This blog series is based on an article written by James J. Periconi and published in the Winter 2008 Bloomberg Corporate News Journal. Mr. Periconi also discusses the details and the nuances of environmental due diligence of commercial real estate transactions in his bi-monthly continuing legal education course. Although we’ve blogged about environmental due diligence in the real estate transactions before (see here and here, for example), we decided it was time for a refresher series, including legal updates and discussion of new and exciting topics.
What is “environmental due diligence”?
“Environmental due diligence” in the context of a real estate transaction is the process used to identify and assess the risk of environmental liability associated with the transfer of contaminated property. The primary goal in undertaking environmental due diligence is to protect buyer or seller as against the other party, or – sometimes even more importantly – against the government. It can also serve to provide lenders with the information they require for loans to decrease the likelihood of default on loan repayment or of a reduction in the value of collateral.

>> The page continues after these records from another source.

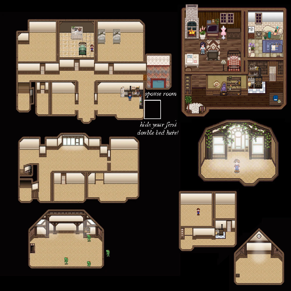 | Lnh's First FarmHouse | Bigger Farmhouse Map | Lnh's Ginger Island House | Lune Ginger Island Farmhouse |
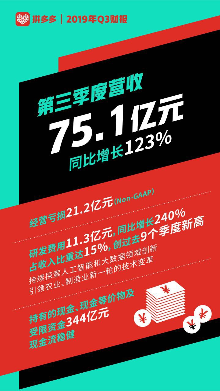 财报显示,三季度,拼多多实现营收75.139亿元,较去年同期的33.724亿元同比增长123%。
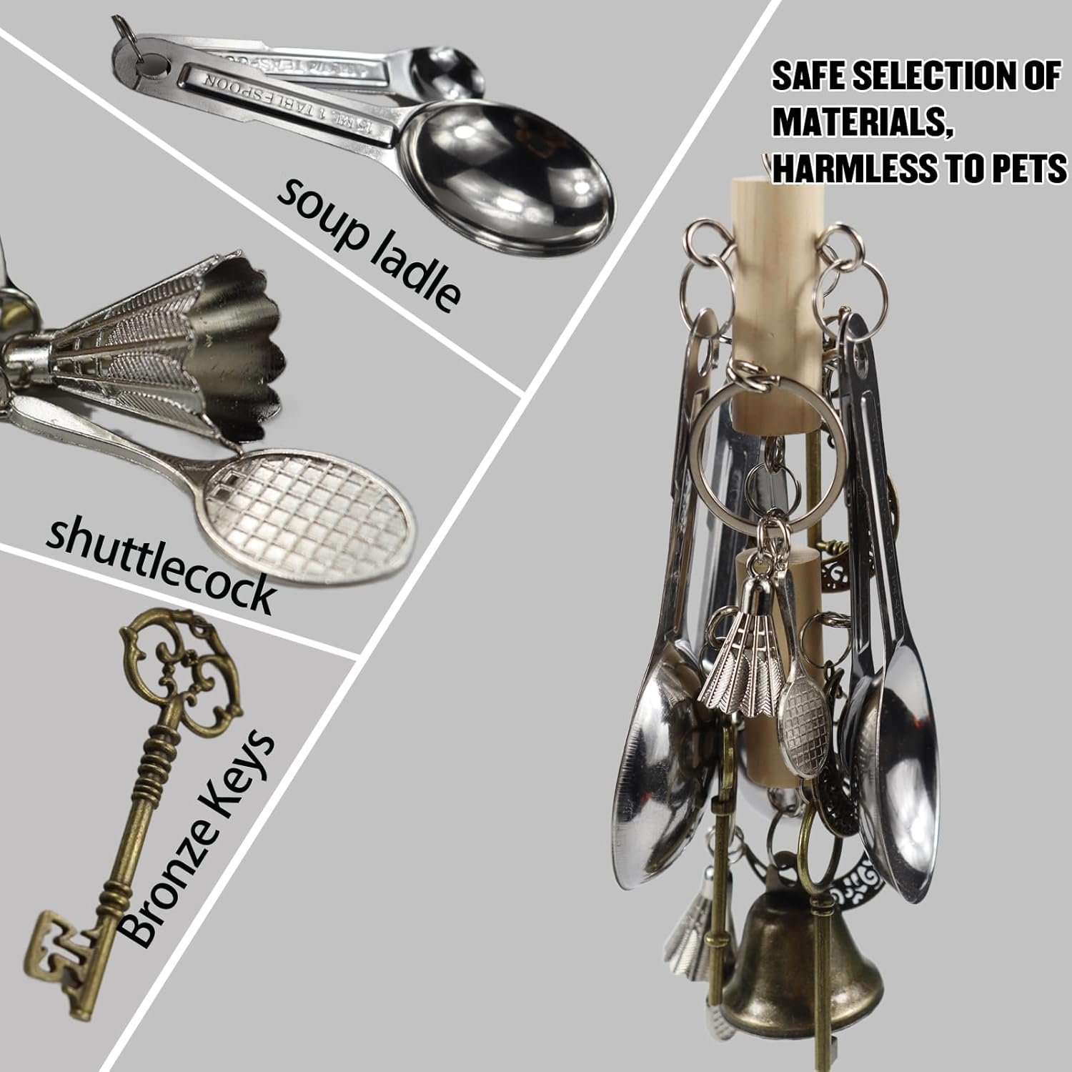 Kewkont bird toys are designed to provide a safe and environmentally friendly chewing experience for parrots. The toys include mini spoons, brass keys, bells, and other materials such as beautiful mini badminton balls. These elements encourage parrots to climb, hang, and play, promoting physical activity and exercise that help keep them smart. The interactive play design, complete with miniature spoons and other adorable pendants that make a pleasant sound when they collide, attracts the attention of avian friends to chew and play.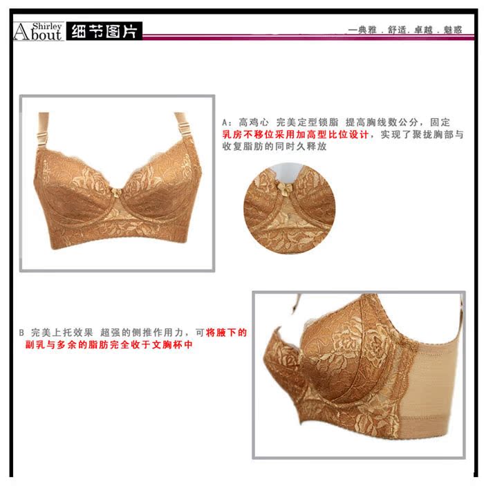 特 色:3/4立體薄杯,集中、上托效果強,罩杯外側上提加壓設計,使罩杯的聚胸效果極佳,塑造出迷人的乳溝及胸型。

The parties to a property transaction need to perform this environmental due diligence because there is often strict liability imposed for cleaning up contaminated property, especially for the current owners of the property. Strict liability is a legal term which means that there does not need to be a showing of intentionality, culpability or even knowledge of the environmental problem for liability to attach. In brief, if you own the contaminated property, you usually own the problem…unless you have protected yourself by knowing the condition of the property when you buy it and by writing the proper protections into the contract of sale.
Thus, environmental due diligence is necessary for anyone who is considering purchasing contaminated, or potentially contaminated, property. In fact, in order to get protections from liability under some federal and state statutes, a prescribed due diligence investigation – or “all appropriate inquiry” – must be undertaken by a prospective purchaser.
What are the “tools” of environmental due diligence?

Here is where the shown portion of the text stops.